Sunday, February 13, 2011

Mucus on Call

Mack Hall
Mhall46184@aol.com

Mucus on Call

My mother’s last words to me were not “I love you,” but rather “Now you know I like lots of ice in my ice water” (I obeyed, and found the ice machine near the nurses’ station). If in the last hours of her life a trio of unemployed musicians had intruded with their own unique stylings of “Lady of Spain” or “Harbor Lights” she would have firmly pointed them to the door.

A singularly annoying radio commercial has recently been blighting the aether with advertisements for an organization tooting itself Musicians on Call. The theme of this organization is that if you will give them money then they will send teams of musicians to hospital bedsides so that patients might die cute.
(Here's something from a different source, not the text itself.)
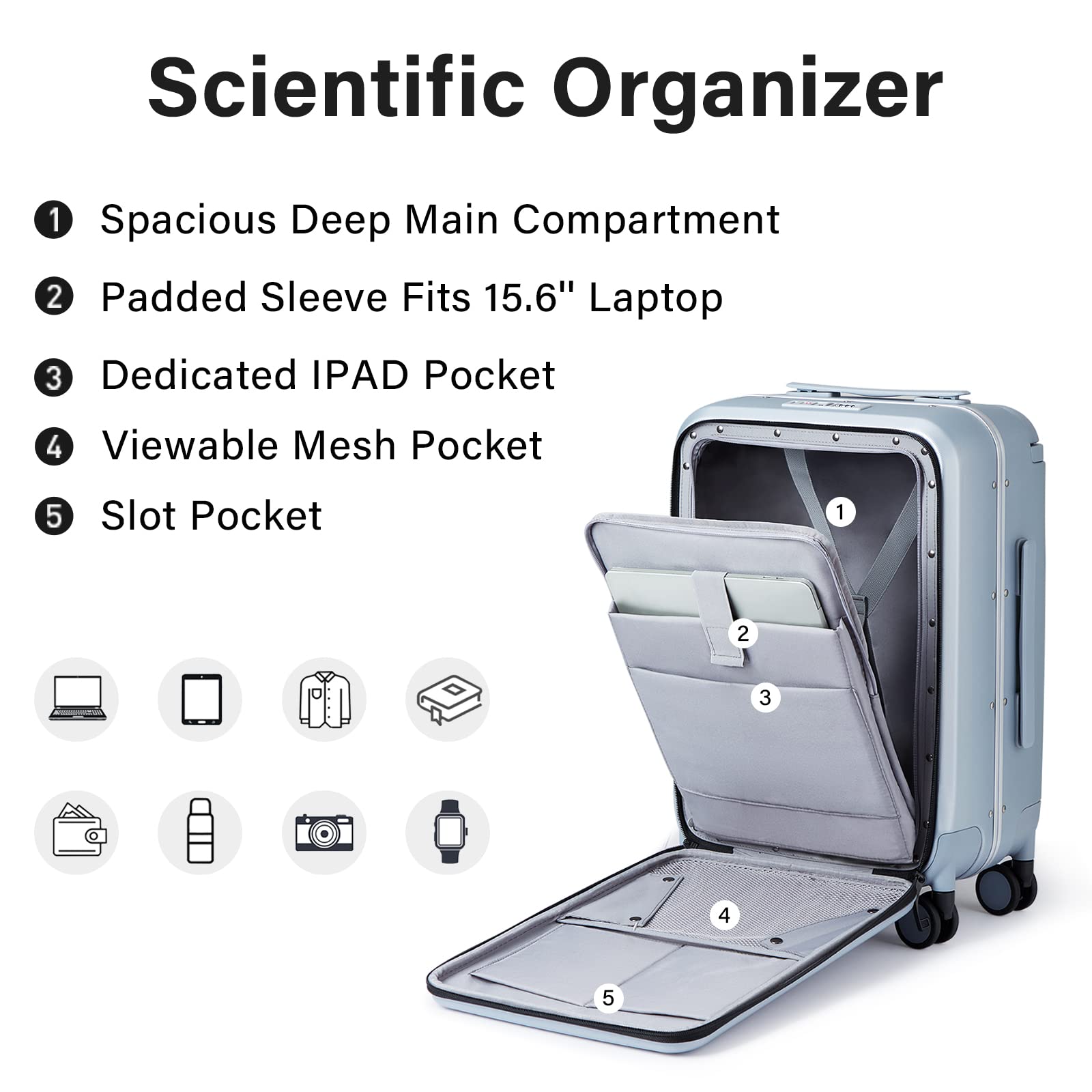 【Fastly Opening Front Compartment】Our suitcase with front pocket choice hard side feature with a front compartment for 15.6" laptop, so it would be easier to go through security at the airport. And you can zipper it open quickly to get your laptop or electronics in and out at any time and where
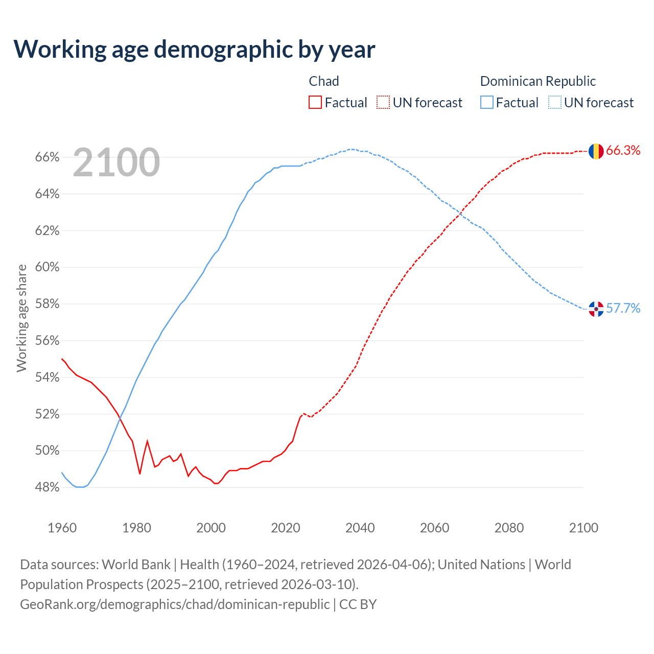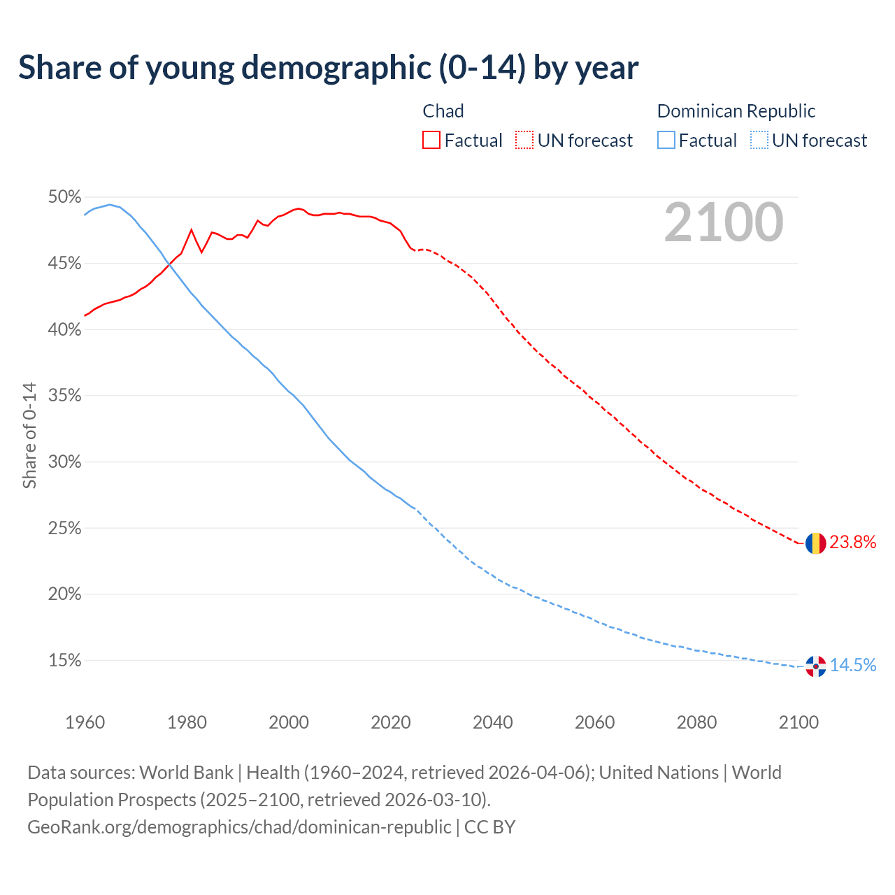 - The share of young demographic (0-15 years old) in Chad is 46.1% vs 26.6% in the Dominican Republic.

The geriatric Hallmarxism of the ads is as unrealistic as it is patronizing – to Musicians on Call the patient is always elderly, and the intrusive melodists play sentimental music which provokes everyone present to hug each other and have a good cry.

I think I’d preferred being gnawed to death by blood-crazed, tone-deaf hamsters in a post-apocalyptic desolation.

My mother despised being baby-talked as “sweetie” or “honey” or “darling” by complete strangers, and certainly no one who knew her would have dared do so. As she often said, “I’m old; I’m not stupid.” Musicians on Call, through their ads, suggest that they wish to make dying as insipid as the baby-talk, a made-for-television movieness that focuses on the preciousness of the musicians and not on the needs of one of God’s children making the transition to another world.

Someone who is dying might want lots of people on call: physicians, nurses, the nice aide who brings lunch and helps with a bath, a priest, and a friend, all those people who bring comfort and dignity. Elvis impersonators – maybe not.

“Code Blues…Code Blues…we need a jazz trombonist in Room 304 stat!”

“Nurse, I’ll need some nylon sutures, a dressing tray, and a harmonica.”

“There was a fire and explosion at the plant, and we expect mass casualties – send all the flutists to the triage area.”

“I’m sorry but your father is not doing well. Do you want us to call his priest or minister, or maybe a high school marching band?”

What if the patient wants German opera, not just another look-alike, tee-shirted, unshaven thirty-something with a guitar?

Do our soldiers and Marines in combat call out “Corpsman! I need a Corpsman over here! And a pianist who specializes in post-war Italian cinema soundtracks!”

What next? Klowns on Kall? Jugglers on Call?

Okay, so maybe I’m being unfair. Maybe Musicians on Call is a good thing. I dunno. It’s a big non-profit (alarm bells ring) and raises money for itself all over America. But whatever its virtues, M on C is not well served by its annoying radio ads.